Xamarin: This technology also sees more usage when building Native Apps rather than Hybrid Apps by utilizing C++ language on a subset of Microsoft’s .NET framework. It has robust functionality but many users report that its performance rates are slower due to relying on Java rather than JavaScript (which React Native does) though some may not notice these issues depending on their needs and what they plan to do with the app.

Factors to Consider When Choosing Tech Stack for Mobile App Development

Now that we have a clear picture of different mobile app development tech stack, let’s figure out which factors you should consider when choosing the right tech stack for your mobile app development.

  • General Requirements for the app

There are literally hundreds of apps that cover every single sphere but before you create your own app idea be sure to set up all the objectives. Choose the right platform for your app and then figure out what specific features does this app need.

  • Type of the app

When you know the main advantages of hybrid, native, and web apps, it can be hard to choose which is best for your project. Depending on where the app will mainly be used (either business or entertainment), choosing a type that maximizes user experience may lead to greater success for your product.

  • Target Audience

If your target audience has high requirements with regards to speed, security, offline functionality and more than likely won’t notice HTML/CSS limitations due to being professionals and using a specific app for years, then native is the best option.

  • Budget for this project

This is a huge factor in deciding which mobile app development tech stack to use. If you’re on a tight budget, using hybrid or web app development may be better for your needs as it would take less time and money compared to native apps though some developers might say that this could lead to issues with performance rates.

  • User base

How many users will need access to the app?
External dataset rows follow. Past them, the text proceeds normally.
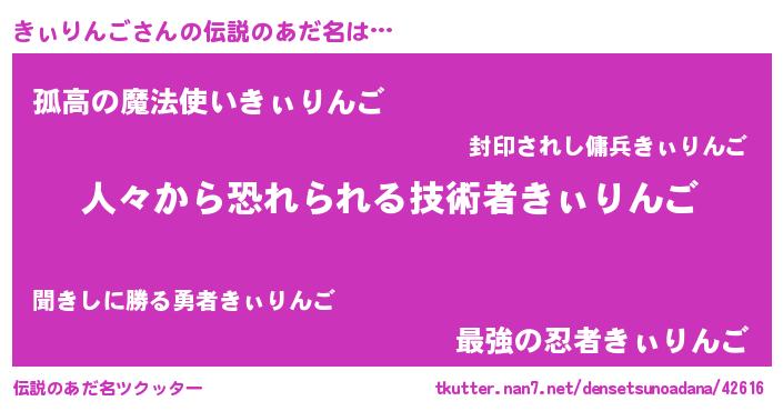 | ヒーロー風カッコイイあだ名 | 『正義の使者きぃりんご』『天弓騎士キィ』 |
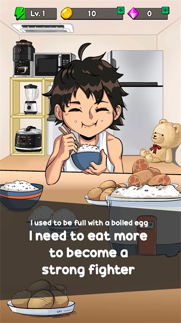 4、不断的去吃各种食物来增强您的能力,变成世界上知名的食物斗士
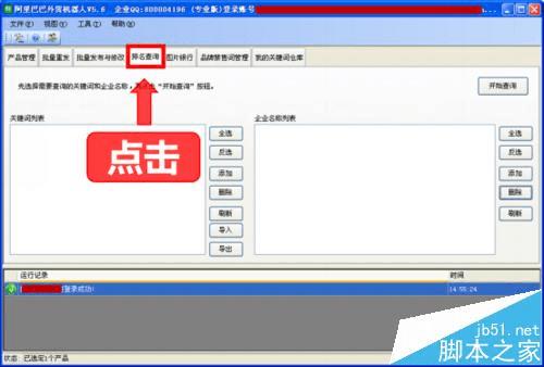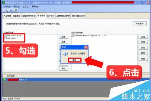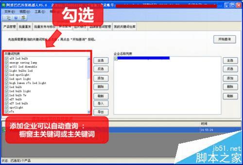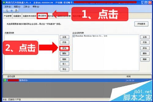 添加企业名称列表→选择导入橱窗关键词→开始查询→查询完成→导出到列表
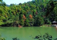 白龍洞----爬山而上,約20多分鐘即到。洞內流出泉水形成天然瀑布近百米高,瀑底水濺銀花,綠蔭環抱綠玉,潭清見底,景色天成。
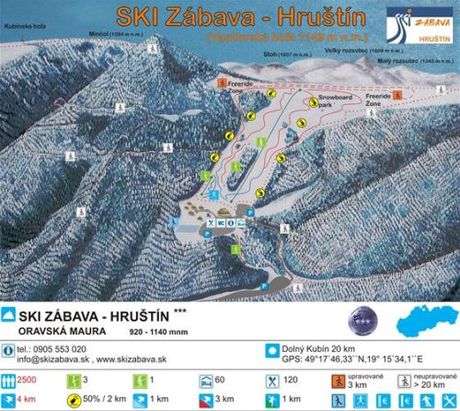 Novovybudované, komplexne vybavené lyžiarske stredisko SKI ZÁBAVA Hruštín leží v nadmorskej výške – od 900 m n. m. do 1150 m n. m. na severnej strane Oravskej Magury, 7 km za obcou Hruštín.

Web Apps are more affordable than both Native and Hybrid App Development because all they require is an internet browser like Safari or Firefox so businesses don’t have to purchase any new devices but there’s limited functionality since interactivity is only possible through HTML/CSS coding whereas Native Apps can do much more by taking advantage of features built-in iOS (like its camera) without requiring third-party plugins and Hybrid Apps can be built for multiple platforms without sharing the same codebase.

Wrapping Up

The best tech stack for mobile app development depends on a number of factors that can’t be summarized in one answer. Be sure to consider what the needs are, the type of app you’re building, and your target audience so you’ll have an idea of the right tech stack for your mobile app development!